By "protein family" is generally understood a bunch of protein sequences sharing a same function. It has also be shocn that the protein structures inside a family share also a common fold. Such structural and fucntional characteristics are reflected in the conservation of residue when studying a multiple sequence alignment of the protein family. The traces of the function and the structure features is embedded in the conservation of residues common to all sequences, or stretch of residues defining motifs or patterns. Conserved residues may also specify sub-families of protein, or by changing some properties of the whole family, adding new features. It is then essential to develop tools able to identify such residues. As more and more sequences are available from very various origin, the variability observed in a given protein family increases, and simple correlation conserved residues means identical residues doesn't stand anymore.

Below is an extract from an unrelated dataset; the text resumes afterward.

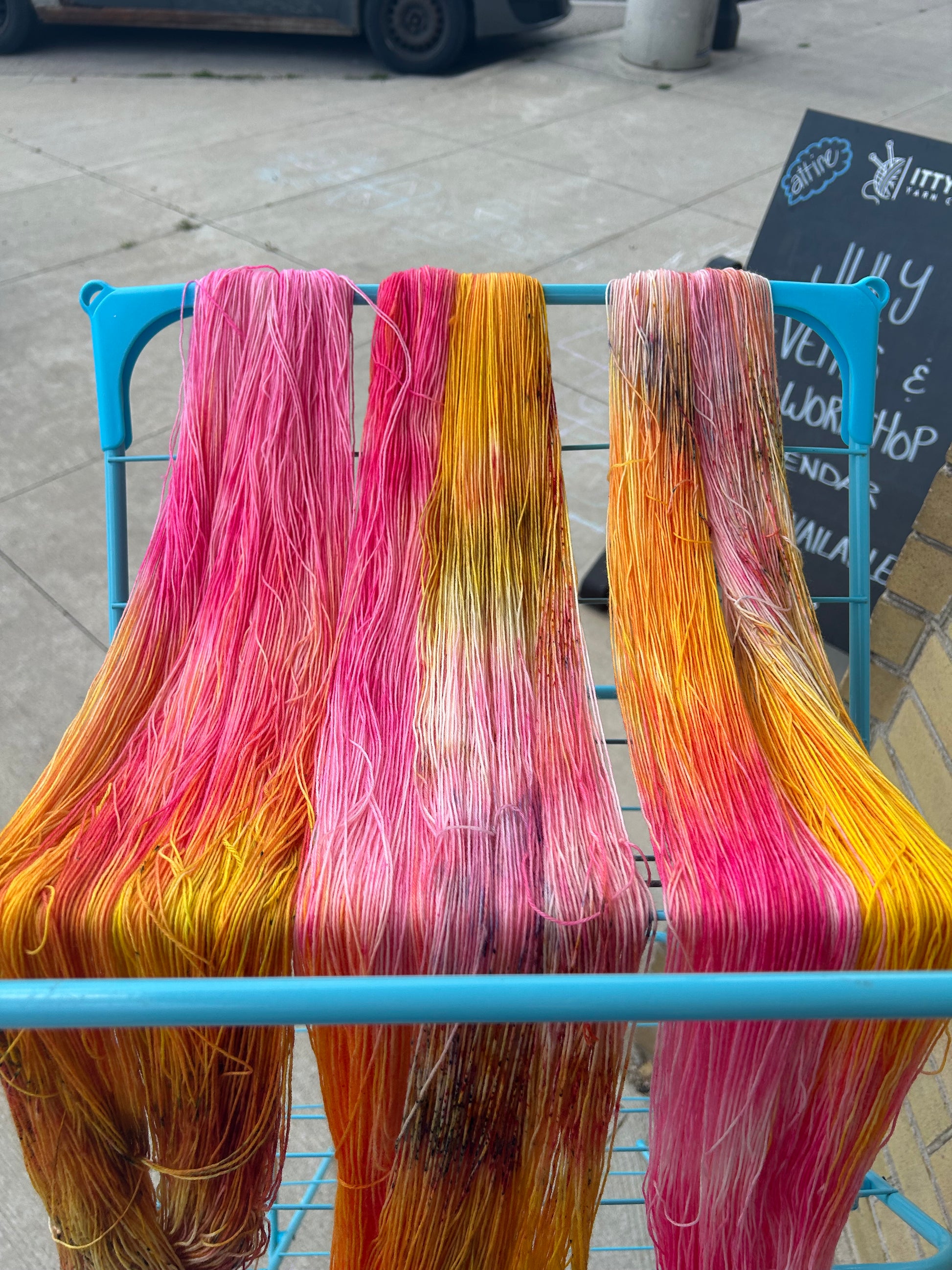 Bold, bright, and unapologetically joyful, Zinnias is a fingering weight yarn that channels the untamed beauty of summer’s showiest bloom. Splashes of hot pink, fiery orange, golden marigold, and petal-soft peach burst across the skein like blossoms in full, sun-soaked glory. Dappled with earthy speckles that echo garden beds and buzzing bees, this colourway is pure floral exuberance. Whether you're stitching up a playful shawl, cheery socks, or a sunlit top, Zinnias adds a burst of warmth and personality to every stitch—no green thumb required.

Several prediction methods have been developped in order to identify conserved residues. Many of them are based on entropy calculation, similarity matrix comparison, evolutionnary tree trace, free energy based methods for example. In Ordalie, two types of methods are implemented, score based methods and a physico-chemical based one.
A special method, called Three Dimensional Cluster, associates three scores to each columns: the free energy score, the mean distance score, and the norm ratio score. The clustering is then made in a three-dimensioanl space, and has been proven to give the best results.
The Threshold method is based on the physico-chemical nature of amino acids appearing in a column. Basically, given a conservation threshold cut-off x, a column is considered to be conserved if x% of the residues, including gaps, are identical in the column. Three types of conservations are considered :
When the alignment has been shared into sub-families, all the above methods will try to identify conserved residues inside each sub-family. A background color will be associated to each sub-family. In a sub-family context, only the first cluster of highly conserved residue is deisplayed. For the Threshold method, residues inside a family that are 100% present, or 80% present if an other sub-family display also a conserved residue, will be shown.